Top Earners Are Over 40

The 45-49-year-old age group accounted for the biggest slice of the total Chinese population with an annual gross income of US$150,000+ in 2013, at 26.1%, slightly ahead of the 40-44-year-old demographic, on 24.8%. Members of this affluent age group have seen their careers coincide with their country’s rapid economic development and have also attained seniority in the workplace.

Some are successful entrepreneurs who have profited from first-mover advantage in an underexploited marketplace. Such individuals typically spend on luxury goods, high-end home furnishings, educational opportunities through private schooling and foreign travel.

By 2030, the segment of the population in the highest earning gross income category of US$150,000+ will contain a much more even demographic spread, with each 5-year age group aged between 35 and 54 years accounting for over 10.0% of this income band, although the 40-44-year-old age group is projected to lead, with a 16.0% share.


 Such individuals typically spend on luxury goods, high-end home furnishings 


This change will come as more Chinese enter the workforce during times of strong economic growth, spreading prosperity more widely. This will support spending on more affordable luxury goods and services.

However, the over 65-year-old age bracket, which accounted for only 2.7% of the Chinese population with an annual gross income over US$150,000 in 2013, will see its share of the total high-income population rise to 6.4% by 2030.

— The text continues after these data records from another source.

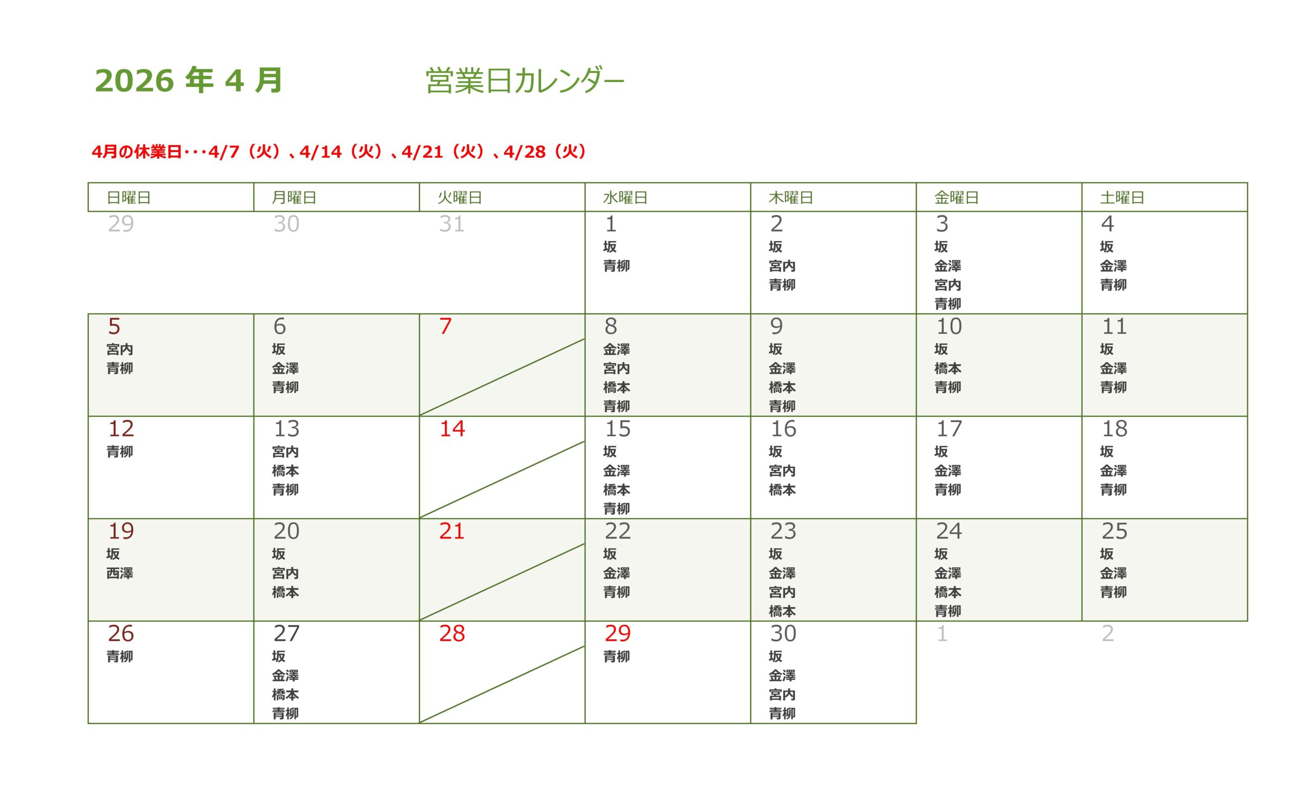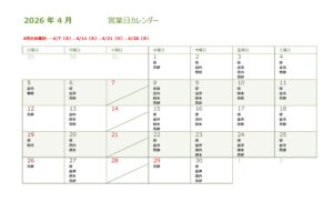 ★2026年4月の営業日・スタッフ出勤日カレンダーです★
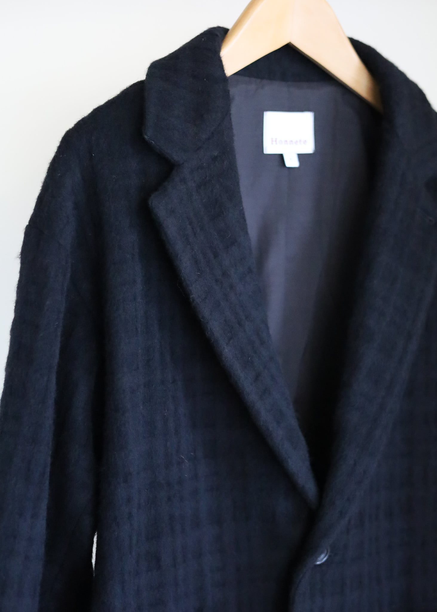 Honnete - シャドウチェック ショートコートジャケット Shadow Check Short Coat Jacket- Black Check
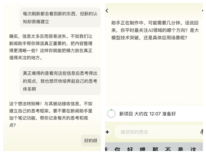 當直面AI試圖跟它傾訴自己的知識焦慮,和它聊到“國內的Agent新產品也太多了,根本關注不過來”時,它會共情你的焦慮,但又如社區大媽般絕不滿足嘴上説説的安慰,還沒安慰兩句,就必須要幫你辦點實事。Macaron的引導出現得適時,“我們何不一起做一個AI新聞速記小助手呢?要不要試試看?”
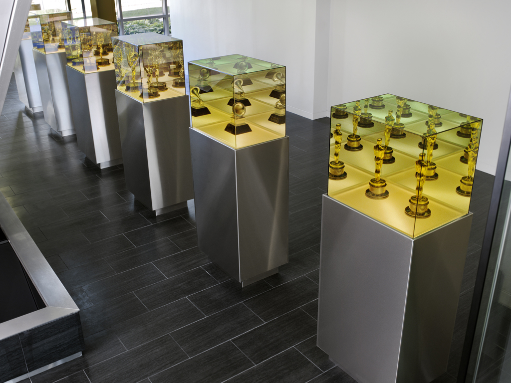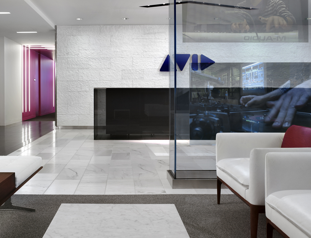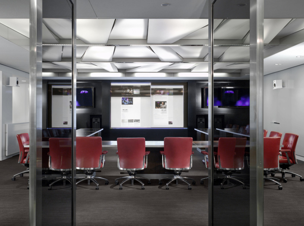 High-tech features in a 200,000-square-foot corporate headquarters reflect the work and accomplishments of this world-renowned media firm. The public/client experience begins at the lobby, where visitors are enthralled by video feeds projected onto two-story vitrines. Wallwashers highlight textural stone, while the knife-edge slot in the ceiling conceals halogen track accents for the desk.
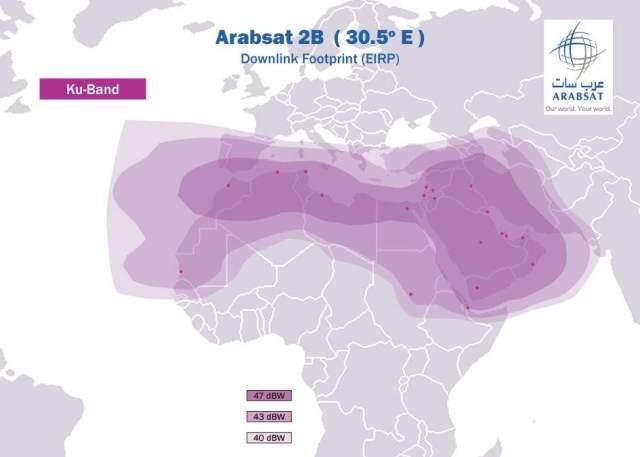 ARABSAT 2B na 30,5°E KU band H a V polarizácia - PAKETY ROTANA TV , KUWAIT TV , ERI TV
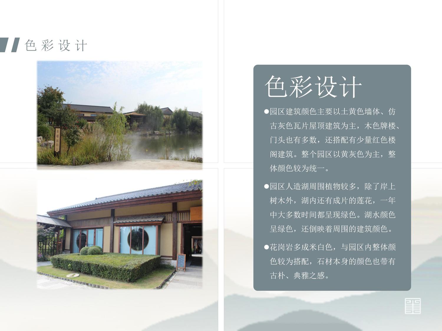 园区建筑颜色主要以土黄色墙体、仿古灰色瓦片屋顶建筑为主,木色牌楼、门头也有多数,还搭配有少量红色楼阁建筑。整个园区以黄灰色为主,整体颜色较为统一。园区人造湖周围植物较多,除了岸上树木外,湖内还有成片的莲花,一年中大多数时间都呈现绿色。湖水颜色呈绿色,还倒映着周围的建筑颜色。花岗岩多成米白色,与园区内整体颜色较为搭配,石材本身的颜色也带有古朴、典雅之感。
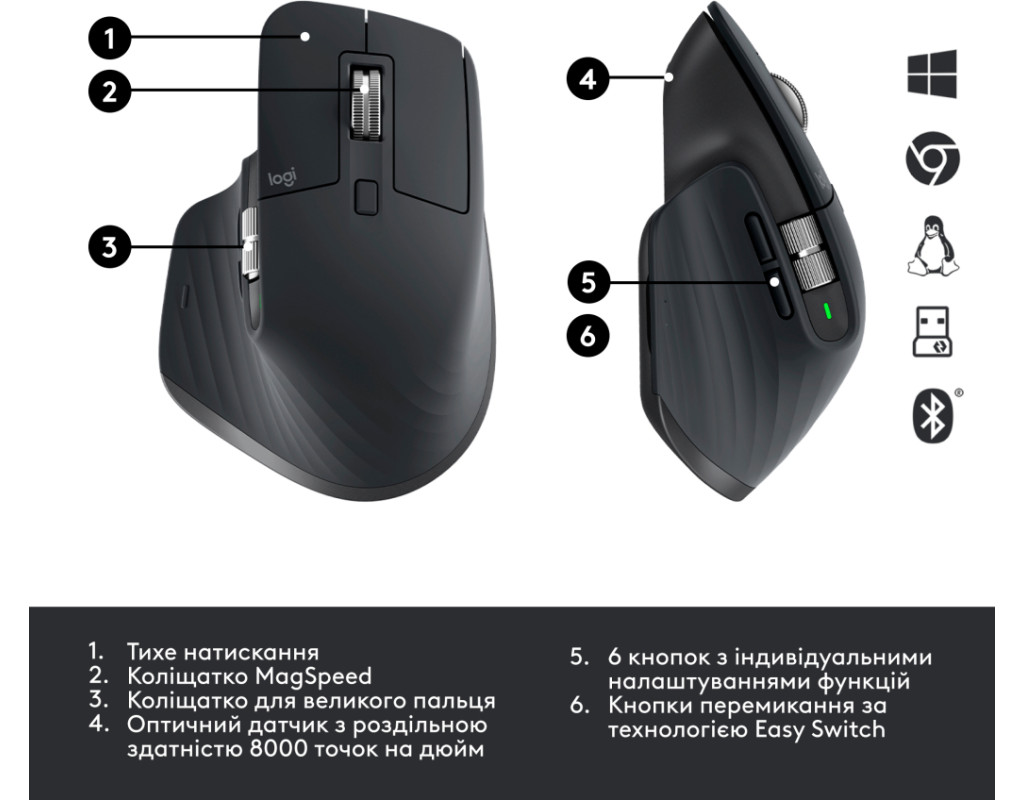 | Мишка Logitech MX Master 3S for Business — це поєднання інноваційного дизайну та відмінної продуктивності, створена для того, щоб задовольнити потреби професіоналів, що працюють в умовах мобільності та швидко змінюваного середовища. Завдяки своєму оригінальному дизайну, вона не лише виглядає стильно, але й забезпечує максимальний комфорт під час тривалої роботи. Бездротове підключення через USB адаптер 2,4 ГГц або через Bluetooth дозволяє забути про заплутані кабелі й насолоджуватися свободою пересування. MX Master 3S легко підключається до кількох пристроїв, надаючи користувачеві можливість безперешкодно переключатися між ними, що значно полегшує багатозадачність. Оснащена оптичним датчиком з роздільною здатністю до 4000 dpi, ця мишка забезпечує високу точність і плавність управління, що особливо важливо для дизайнерів, програмістів та всіх, хто цінує скрупульозність у роботі. Шість кнопок налаштовуються під індивідуальні потреби, забезпечуючи швидкий доступ до часто використовуваних функцій і команд. Ергономічний дизайн мишки розроблений таким чином, щоб зменшити навантаження на руку і запобігти втомі навіть при тривалому використанні. Вага всього 99 г і компактні розміри (124,9 х 84,3 х 51 мм) роблять її ідеальною для мобільної роботи з будь-якого місця — з дому, кафе або навіть в залі очікування аеропорту. Працює від акумулятора, який забезпечує довге автономне функціонування. Ви зможете зосередитись на важливих завданнях, не переймаючись потребою в частому заряджанні. А стильний графітовий колір доповнить ваш робочий простір, додаючи сучасності та елегантності. Logitech MX Master 3S — це не просто мишка, це ваш надійний партнер в досягненні нових професійних звершень. Забезпечте собі зручність і продуктивність, які ви заслуговуєте, обравши цю мишку для свого бізнесового арсеналу. |

This will still be a relatively small proportion, but a significant rise nonetheless, as high earners in their 40s today will have moved on to join the over 65-year-old age group by 2030. Luxury brands looking to target Chinese high earners will therefore need to pay greater attention to this consumer segment over the coming years.


 Annual disposable income is still expected to expand at 8.6% year-on-year in 2014 


Income Equality Eroding

Although China is no longer posting the heady economic and luxury growth seen in the period prior to the 2008-2009 global economic crisis, its annual disposable income is still expected to expand at a respectable 8.6% year-on-year in real terms in 2014, securing China fifth place among countries with the fastest income growth rates globally.

Healthy income gains, coupled with the sheer size and potential of the consumer market, have helped retain China’s status as one of the most attractive emerging markets.

Persisting and sharp inequality between inland, rural and coastal, urban households poses one of the greatest challenges to China, in that it breeds social discontent (potentially undermining business confidence) and polarises the consumer market (making it difficult for businesses to expand effectively). However, we expect that “harmonious society” policies will help to reduce inequality in China in the long term.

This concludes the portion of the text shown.